25 The second matter we wish to refer to in a little detail concerns that part of the judgment below under the heading "The Scope of the Amendment Power" (pars 67 to 76). Financial Services submitted in this appeal, that his Honour's analysis of the question went far beyond the case articulated by the appellant below. Having examined the pleadings and the written submissions below, we agree. Indeed, it appears that the point was one raised by the judge. There may be a question as to the extent to which cl 38 and cl 43 of the Deed authorised the amendments made in March 1992. However, even if it is open to the appellant to pursue the point, and even if it is good, it does not lead to the monetary relief claimed against the respondent in these proceedings. To lead to either damages or equitable compensation, it would have been necessary to plead a common law duty of care, a relevant breach of it in this respect and damage ensuing, or the participation by the manager in a breach of trust. The only claim for breach of duty of care was held by his Honour to relate to a duty not to engage in misleading and deceptive conduct (par 40 of the judgment) and there is no ground of appeal directed to that aspect of the judgment of the primary judge. As his Honour pointed out in par 18, there is no claim against the trustee or the majority unit holders, and no claim that the redemption of the units was invalid or that the merger was in some way ineffective. The trial judge, having rejected the point on the merits, did not need to examine what the consequences would have been if it had been made good. In our opinion, it is clear that in this case it could not have led to the relief claimed. That being so, there is no need for us to consider the correctness or otherwise of the merits of the point.

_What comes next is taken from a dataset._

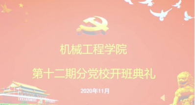 11月26日晚,机械工程学院分党校在4209B举行第十二期分党校开班仪式暨第一次专题党课。校学工处处长李文珊应邀主讲,院党委书记王丽娟、党委委员黄春喜、全院辅导员与入党积极分子参加会议。院党委副书记王本强主持开班仪式。

26 Furthermore, the point is one which should not have been dealt with in an informal way. If it was to be entertained, it should have been properly raised and the pleadings amended accordingly. Whilst this is generally true, it has special point in this case. If good, the argument would involve effectively finding a breach of trust in relation to a transaction long past which affected the interests of many members of the public and the trustee. If the only relief was money relief against the manager then possibly there would not have been a strict deficiency of parties (as to which we need not come to a final view), but the absence of those parties would point to the necessity of ensuring that the point was properly available to be taken. If raised properly, it would no doubt have raised issues as to possible cross-claims, applications to excuse any breaches of trust, the leading of evidence and so on.

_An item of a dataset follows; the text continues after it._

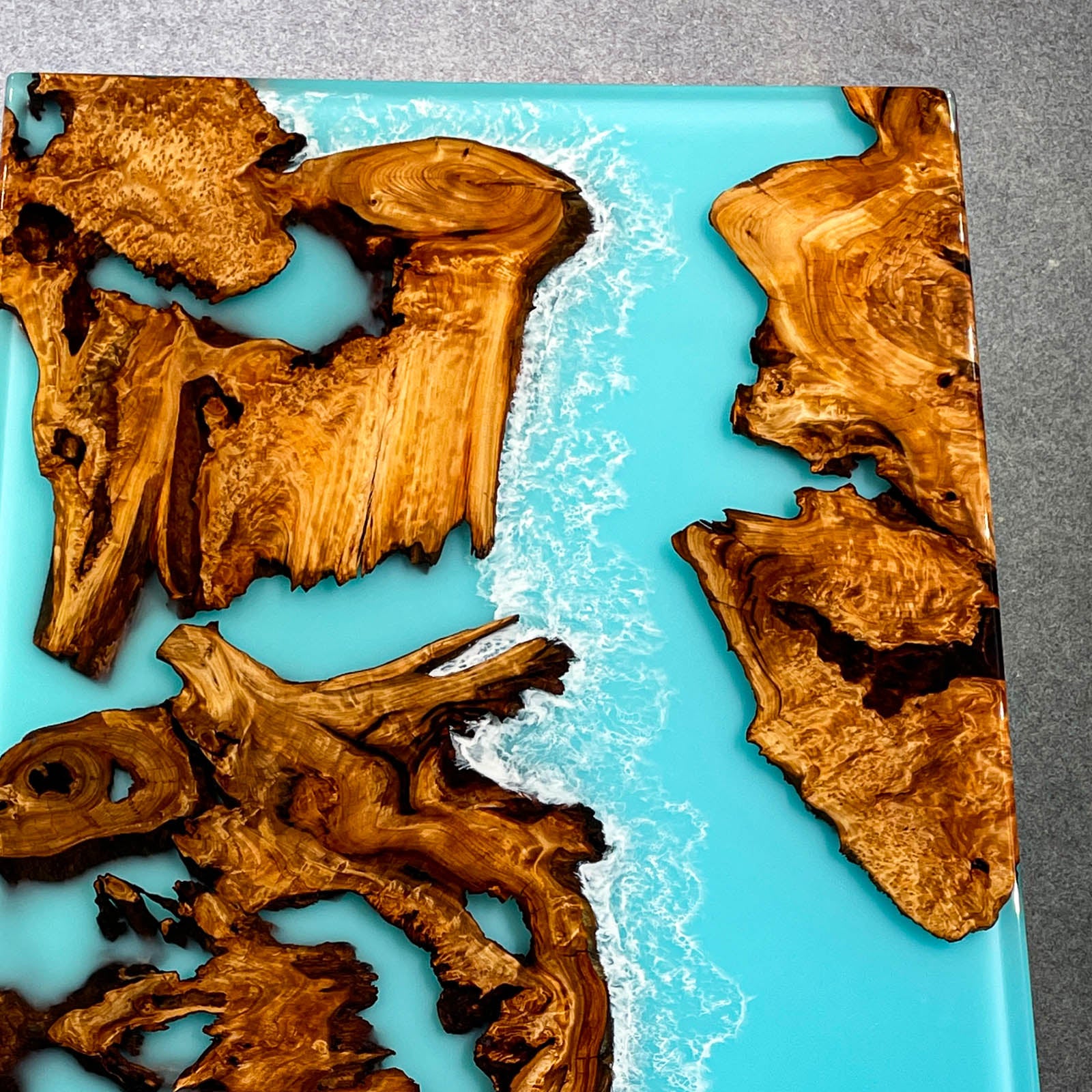 We are committed to preserving every knot, crack, and natural mark in the wood to showcase its authenticity and beauty, while avoiding excessive design elements. Ultimately, the most beautiful designs are shaped by time and nature. Therefore, the final product will not only retain the elements from the reference image (such as waves and broken islands) but also incorporate its own unique features, making each piece special and one-of-a-kind.

27 We venture to suggest that what happened in relation to this point illustrates one of the difficulties of litigants appearing in person to which we adverted earlier. A judge may feel compelled to ensure that all available points in favour of the litigant in person are taken, even those not taken by the litigant in person, without due regard for the interests of the other party to the litigation and to others who may have interests impinged upon by the litigation. Whilst the problem is masked here because the judge rejected the point on the merits, it does not detract from the unfortunate consequences which would have ensued if he had come to the contrary opinion, and which might have ensued if we had dealt with the merits of the point.
28 We dismiss the appeal and order that the appellant pay the costs of Financial Services.